I’ve been trying various medications for depression since about 2001, with very little success. I’ve been suffering from depression since at least my teens, and got no help or treatment at all until my late 20’s. The best I ever managed with drugs was to numb all of my feelings until I didn’t care about anything anymore. I didn’t hurt as much, but I didn’t feel any pleasure or interest either. At that level, the drugs were also having such a significant impact on my memory and concentration that I was almost unable to work. It seemed a bit like severe Alzheimer’s. I finally just gave up, quit taking everything, and completely detoxed my system. It took almost a year to get used to the noise in my head now that I could feel again, but the depressions were, of course, still there. Tried reassessing myself, and took a different approach that maybe it was Bipolar I. Better, but still not right. Then I found out about neurofeedback. Yes, I had the typical reaction most have when it’s mentioned. “What, that pseudo-science, New Age biofeedback crap from the 70’s?”
Turns out, it’s more like the scientific hugely effective real thing that the New Age claptrap was very loosely based on. Here’s where I went, and they have good information for further detail.
After a whole bunch of testing, I discovered some rather surprising things about myself and my condition, including just how much you can get used to working around without realizing just how bad you are.
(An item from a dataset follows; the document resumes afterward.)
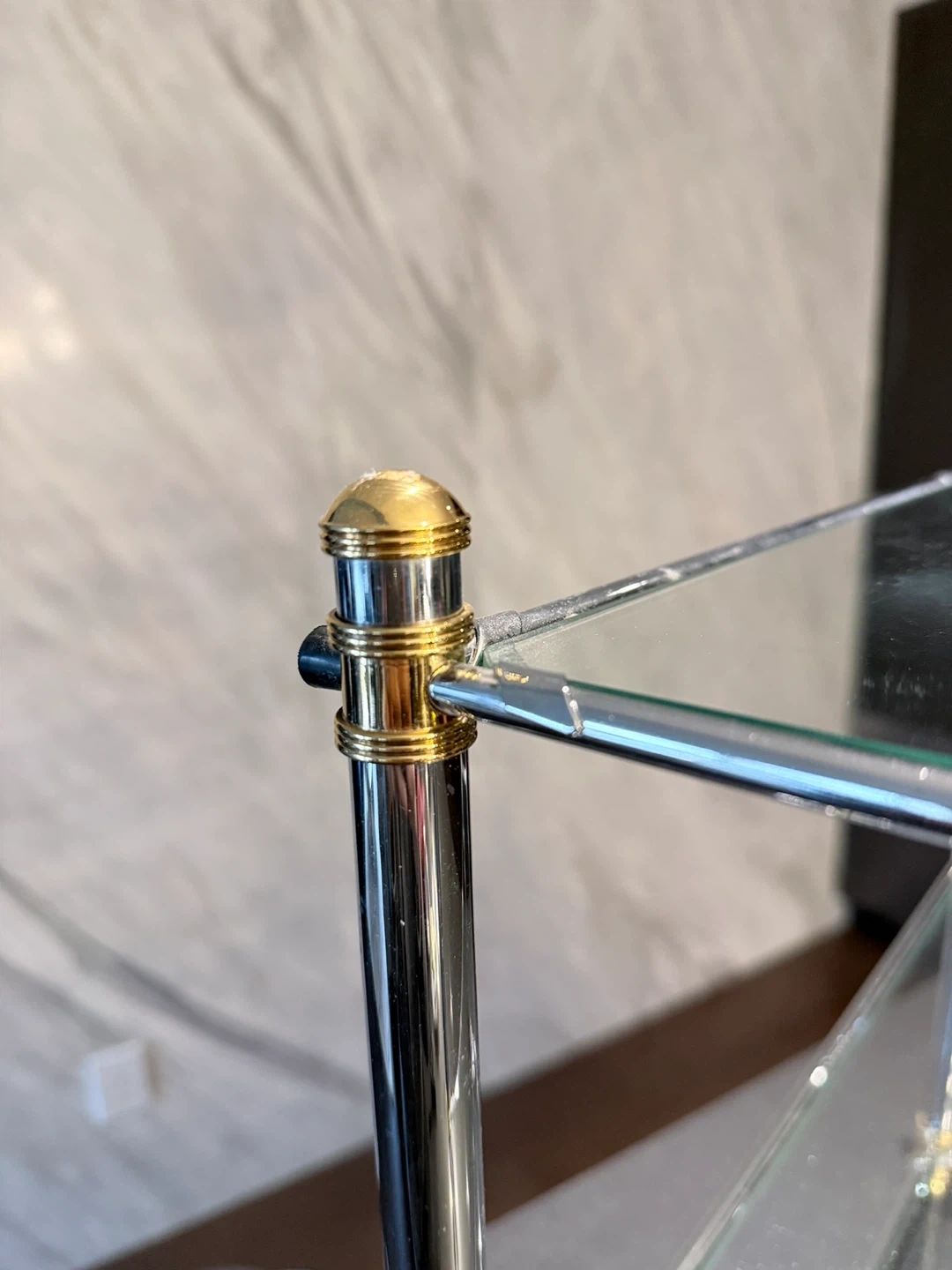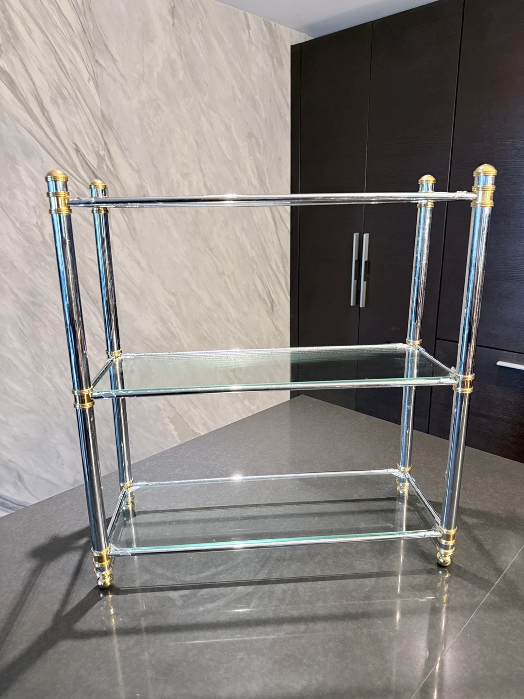 High quality three-tier shelf. Chrome metal frame with gold accents. Glass shelves. Easy to assemble, great quality. Store in Storage for over 5 years, all gold colour stay, great quality. Approximately 18 inches wide and 20 inches tall.

Turns out, I scored worse than the 99th percentile for ADD, in the top 1% for depression, and also have some mild anxiety disorder as well. I was also surprised to discover that the tests indicated a high likelihood of head injury, and the location corresponded to where I’d hit the corner of a coffee table as a child after falling off of a recliner. As far as I’d known, all I got was some stitches as was fine.
I’ve spent my entire life believing what I was told growing up: that I was just lazy, didn’t try hard enough, wasn’t paying enough attention, and just did sloppy work. I was always felt that I was wasting my intelligence because I didn’t bother using it to my potential. Instead, it turns out that the only reason I’ve been able to function as well as I have at all is that my intelligence has allowed me to figure out effective coping strategies and ways to work around my limitations.
The good news - The odds of them being able to correct it all permanently (or at least get me very close to normal) are extremely good. All of the subtypes that I have have been successfully treated in other patients many times. Unlike medication, neurofeedback changes are permanent. Once the levels are trained to normal, they stay there.
The bad news - Insurance companies are skeezy bastards and refuse to pay for cures. They only pay for the cheapest medications that treat the symptoms until you get off of their plan and become someone else’s problem. Neurofeedback treatments are pricey, and I need around 60 to 70 of them for how severe my issues are. That adds up to thousands out of pocket.
Frankly, when I look at how many tens of thousands of dollars I’ve lost out on from lost/quit jobs, failure to keep up with tech advancements in my career, interest on debt because of unemployment, and inability to tolerate the stupidity of formal schooling, the ROI on this is pretty significant. If it works, I’d say it’s well worth every penny.
The more I learn about all the research and proven results from this kind of treatment, the more angry I get that insurance and drug companies work so hard to keep it hidden from view. This stuff has been around since the 70’s to one degree or another, and not one of the doctors, shrinks, therapists, etc. I ever went to mentioned it even in passing to me. Sure, it comes with all the usual caveats of any medial treatment - doesn’t work on everyone, results vary, not the best choice for everyone, etc, but I highly encourage everyone on here still looking for help to consider it as one of their treatment options.
I’ll post occasional updates about how my own treatment progresses, and especially how it affects my study and coding work. I’m still afraid to hope, but even just the 2 treatments I’ve had so far managed to turn off a bout of depression that had been plaguing me all that weekend.